There’s a simpler explanation, however: the exponential acceleration of paradigm shifts can be entirely accounted for by the exponential growth in human population. More people, more brains; more brains, more frequent shifts.
Kurzweil builds on data Theodore Modis collected on the growth of complexity and change. Modis lists “canonical milestones” in the history of the universe. (The Canonical Milestones in the chart on p20 of Kurzweil don’t correspond exactly to the list in Modis’s paper; I’ve used the dates in Modis.) To facilitate comparison with population growth, I use the rate at which the milestones occur rather than Kurzweil’s “Time to Next Event” parameter. The one is the inverse of the other; as one gets closer to the present, the Time To Next Event shrinks, which means that the rate grows.
In my analysis (see spreadsheet for detailed workings and the source data), I plotted the occurrence rate for the “canonical milestones” and against human population growth on the same log-log chart; see graphic above.
The result is uncanny: to within the errors of this very squishy data, the two lines have the same slope. That means that the ratio between the rate of milestone occurrence and human population is constant, at roughly two milestones per century per billion people over the last two thousand years. If one makes the jump from correlation to causation, the driving force is simple: More people means more innovation.
Occam’s Razor applies here. If one can explain the growth in the breakthrough rate by invoking increasing population, and without invoking some mystical acceleration of order and complexity, one should do so. An increase in complexity is a consequence of increased innovation, but it’s not obvious that’s it’s the only cause.
Kurzweil points out in Kevin Drum’s blog that one shouldn’t extrapolate a log-log curve like this one. However, we now have a model for why the data behaves this way, and we can predict that a slowing down in the population growth rate will lead to a slow-down in the shift rate. This contradicts the thrust of Kurzweil’s argument, which is that cumulative complexity will lead to an ever-faster shift rate.

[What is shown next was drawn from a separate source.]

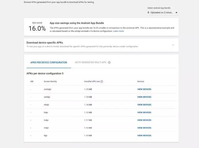 安装早于 Android Lollipop 版本的设备也可以享受安装文件体积缩小的福利,但其 APK 中将包含所有语言。
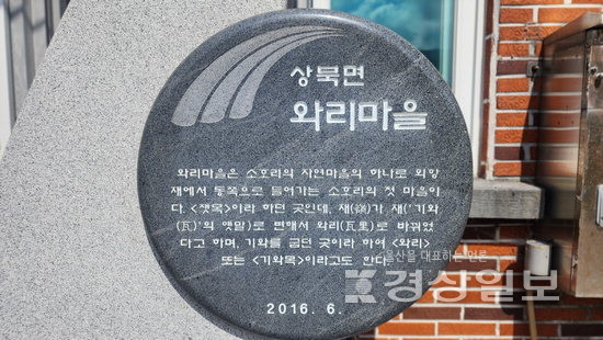 1872년 옛 지도에는 가지산, 가슬현, 고헌산 아래 와항현(瓦項峴)이 있다고 분명히 밝혀두었고, 고헌산 아래 소호로 들어가는 길목 ‘와리(瓦里)’란 마을의‘와리(瓦里)’유래를 새긴 돌에선 재(嶺)가 재(‘기와(瓦)’의 옛말)로 변해서 와리(瓦里)로 바뀌었고, 기와를 굽던 곳이라 하여 ‘와리’ 또는 ‘기와목(瓦項)’이라고도 한다는 설명이 붙었다. 이를 입증하듯 거기서 만난 이순금(87), 류경연(83) 두 어른의 입 밖으론 단 한 번도 ‘외항재’란 말이 나오지 않았다. 이곳에서 구운 기와를 지고 저 고개를 넘었다는 그들 말씀에 더는 ‘외항재’를 쓸 필요가 없어졌다.

Even if the ratio between paradigm shift rate can’t be completely explained by population growth, the “more brains” effect should be factored out of the data before one tries to draw conclusions about accelerating complexity.
Complexity being driven by a simple input like population suggests that other exponentials that Kurzweil observes, eg
I’ve only looked at the last two thousand years. Kurzweil and Modis make a far more radical claim: that major shifts in the entire history of the universe, from the Big Bang to the Internet, can be plotted on a single line with a constant rate of exponential growth over ten billion years. The implication is that there is a single accelerating process that underlies all phenomena – things as diverse as cosmogony and technology innovation. I find this a stretch. The data is suspiciously neat, but let’s stipulate it; the question then is: Are there other ways to explain the curve?
I suspect that the underlying reason is the selection process; humans consider exponentially fewer and fewer things to be interesting as they look back in time from the present moment. We believe that our vantage point is privileged. Ptolemaic astronomy put the Earth at the center of the universe. When we put our moment in history at the center, I call it the Special Present Fallacy. More on this in a future post.